Not providing a cap on spending is a major flaw of GCP for individuals / small projects.

With Cloud Run, AFAIK, spending can effectively be capped by: limiting concurrency, plus limiting the max number of instances it can scale to. (But this is not as good as GCP having a proper cap.)

brutus1213

Amazon is the same I think? I live in constant fear we will have a runaway job one day. I get daily emails to myself (as a manager) and to my finance person. We had one instance where a team member forgot to turn off a machine for a few months :(

I get why it is a business strategy to not have limits .. but I wonder if providers would get more usage if people had more trusts on costs/predictability.

anonymousab

I remember going out to dinner, years ago, with a fairly senior AWS billing engineer. An acquaintance of a coworker.

He looked completely surprised when I asked about runaway billing and why there wasn't any simple options to cap a given resource to prevent those cases.

His response was that they didn't build that because none of their customers wanted anything like that, as far as he was aware.

coredog64

There's a coarse option: Set up a budget and then a budget action.
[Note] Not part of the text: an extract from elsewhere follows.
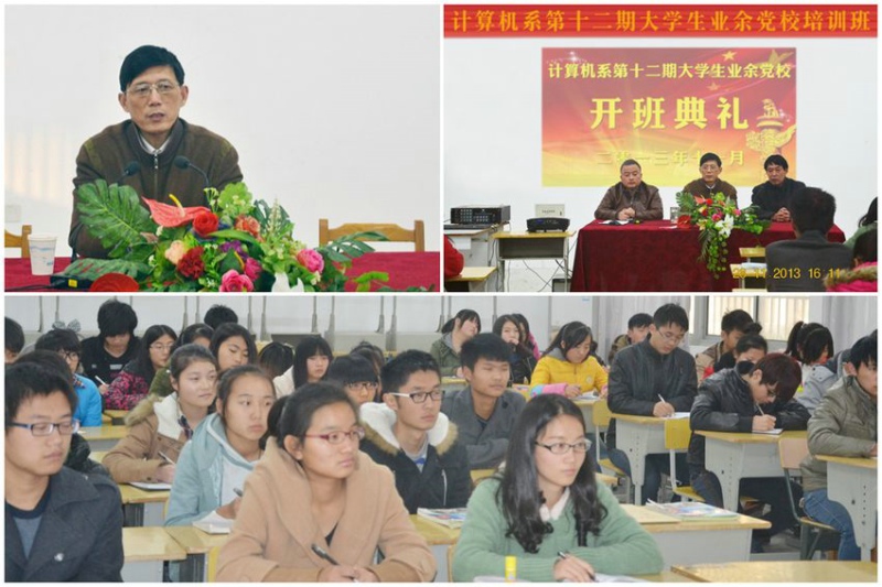 11月28日下午,计算机系在信息楼举行了第十二期大学生业余党校开班仪式,院党委副书记、副院长茆书斌同志应邀出席,并为业余党校上了第一堂党课《坚定信念、努力学习,做中国特色社会主义建设事业的合格接班人》。计算机系党总支、学生支部部分党员及本期全体入党积极分子参加了学习。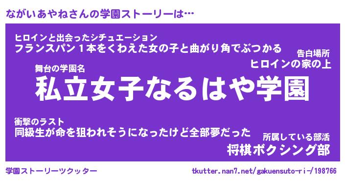 | 女子向けラノベタイトル風あだ名 | 『誰かこのながいあやねを説明してください! ~契約から始まるウェディング~』 |

While ECS doesn't have GPU capabilities, the equivalent here would be "IAM action of budget sets deny on expensive service IAM action" (SCP is also available, but that requires an AWS Org, at which point you've probably got a team that already knows this)

It's coarse because it's daily and not hourly. However, you could also self-service do some of this with CloudWatch metrics to map to a cost and then have an alarm action.

https://aws.amazon.com/blogs/mt/manage-cost-overruns-part-1/

tmoertel

> I get why it is a business strategy to not have limits...

What is the strategy? Is is purely market segmentation? (As in: "If you need to worry about spending too much, you're not the big-money kind of enterprise customer we want"?)

yarri

[edit - Gabe responded]. See this Cloud Run spending cap recommendation [0] to disable billing, which potentially irreversibly deletes resources but does cap spend!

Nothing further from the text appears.